Game 6 was a sobering reality for Houston. While Harden again excelled at accumulating gaudy regular-season statistics, his disappearing act against the Spurs forced the Rockets to reevaluate his ability to carry a team on his own. In an effort to preserve their star’s energy and enhance their offensive attack, Houston traded for Chris Paul before the start of the 2017-18 season.

Harden won regular-season MVP during Paul’s first season with the Rockets, debunking any preseason rumors that the two ball-dominant stars could not coexist.

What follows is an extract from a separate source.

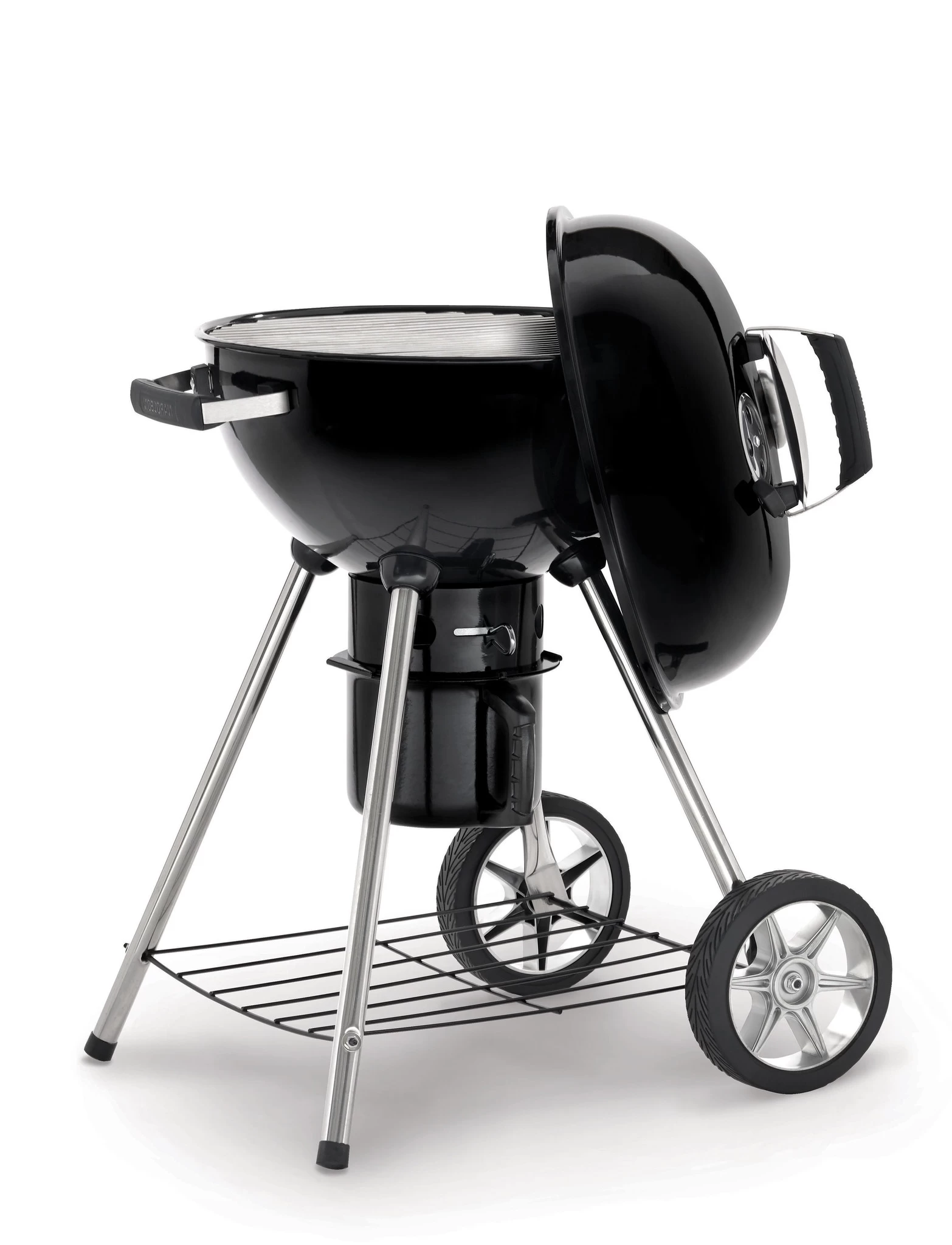 De compacte en flexibele NK18K-LEG heeft een diameter van 47 cm en is ideaal is voor de echte houtskoolliefhebber. Dankzij de weerbestendige wieltjes rijdt u deze houtskoolkogelbarbecue zo overal naartoe. Grill, rooster of smook uw favoriete gerechten over houtskool en voeg houtsnippers toe voor een nog lekkerder smaak. Bij houtskoolgrillen is het kunnen regelen van de warmte door middel van luchtstroom essentieel en dit is eenvoudig te bereiken met de verstelbare openingen aan de boven- en onderkant van de grill. Dankzij de ACCU-PROBE™-thermometer kunt u eenvoudig de perfecte temperatuur bewaren en weet u de ideale rook- en grilltemperaturen voor uw gerechten. Het deksel is voorzien van een ingebouwde dekselhanger en een koele handgreep om tijdens het grillen uw handen tegen de hitte te beschermen.

The 2018 playoffs represented Harden’s best chance to capture his elusive first title, but fate had other plans.

A familiar foe

The Rockets’ Game 5 victory over the Warriors in the Western Conference Finals put them in the driver’s seat to finally put an end to Golden State’s reign of terror, but the win came at the ultimate cost. Paul injured his hamstring in the closing moments, forcing Houston to resort back to relying on Harden to generate nearly all of their offense.

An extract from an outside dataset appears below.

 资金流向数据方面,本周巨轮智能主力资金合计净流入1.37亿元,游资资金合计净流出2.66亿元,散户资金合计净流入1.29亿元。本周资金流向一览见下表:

After putting up 32 points in their Games 6 loss, Harden was presented with yet another high-stakes opportunity to redefine his legacy. Although he went for 32 points again in Game 7, his 2-for-13 long-range shooting set the tone for one of the worst team shooting performances in NBA playoff history.

The Rockets were up by 12 points on the Warriors before they built a house of 27 consecutive bricked three-pointers. Watch how many ill-advised shots Harden takes during the stretch as he looks more interested in baiting the officials into foul calls than taking smart shots.

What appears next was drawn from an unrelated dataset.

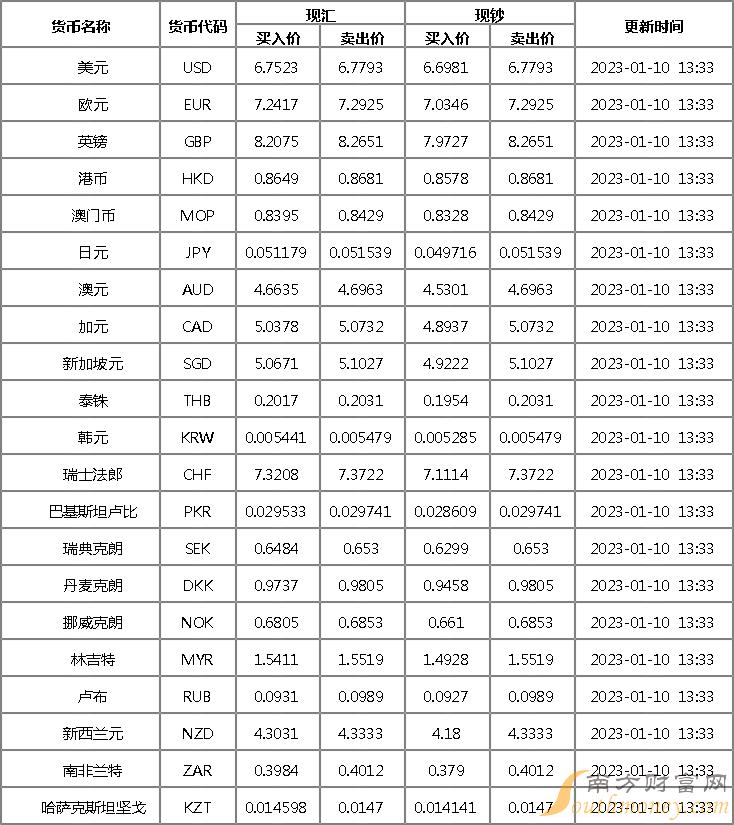 xm外汇:工商银行外汇牌价一览表 1月10日工商银行人民币对美元汇率多少?

Harden doesn’t deserve to carry all of the blame for Houston’s Game 7 meltdown; his teammates were equally horrific from deep, shooting 5-of-31 combined. But role players feed off their stars to get going in the playoffs. Unfortunately for Houston, Harden left them starving.

The Rockets were unable to recapture the magic from a year prior during the 2018-19 season. Harden continued his regular-season brilliance, as he embarked on the most impressive scoring streak since Wilt Chamberlain. But when the Western Conference semifinals brought a familiar foe back to Houston, the Rockets fell to the Warriors for the fourth time in five years.

Russell Westbrook

Looking to the future

In a desperate bid to resuscitate Harden’s fading title hopes, Houston acquired Russell Westbrook for Chris Paul before the start of the 2019-2020 season. But the only thing that changed about the Rockets’ playoff outcome was against whom they lost. Westbrook’s arrival led to the subsequent trading of long-time center Clint Capela; Westbrook’s ineffectiveness as a shooter rendered the Rockets incapable of playing their style of basketball with two non-threats from deep. Houston gutted their roster and draft capital to go all-in on their small-ball approach, only to suffer their worst playoff performance since 2016.

Coming off a series in which Houston’s offense was completely stymied by the Lakers, the key for Harden moving forward lies in the past.

Any player who dribbles as much as Harden will inevitably have some aspects of the game in which they cannot expend a significant amount of energy on. Off-ball movement shouldn’t be one of those things for Harden. Staying engaged even when he doesn’t have the ball will lead to better offensive possessions for the team and easier looks at threes for himself.

Step-back threes make the highlight tapes, but catch-and-shoot looks are far easier. This season, Harden shot fewer catch-and-shoot threes than historically poor shooters like Eric Bledsoe, Markelle Fultz, and Russell Westbrook. Playing within the same offense, there is no reason Westbrook should have taken more catch-and-shoot threes this year than him. At 41.2 percent, Harden shot the highest percentage of any Rockets player on such looks.

The Rockets’ organization has never wavered in their belief of Harden’s ability to lead them to a championship. Still, after two coaches, three different All-NBA co-stars, and eight failed postseason runs, the writing appears to be on the wall.

With uncertainty the only sure thing moving forward in Houston, Harden is running out of time to rewrite his postseason narrative.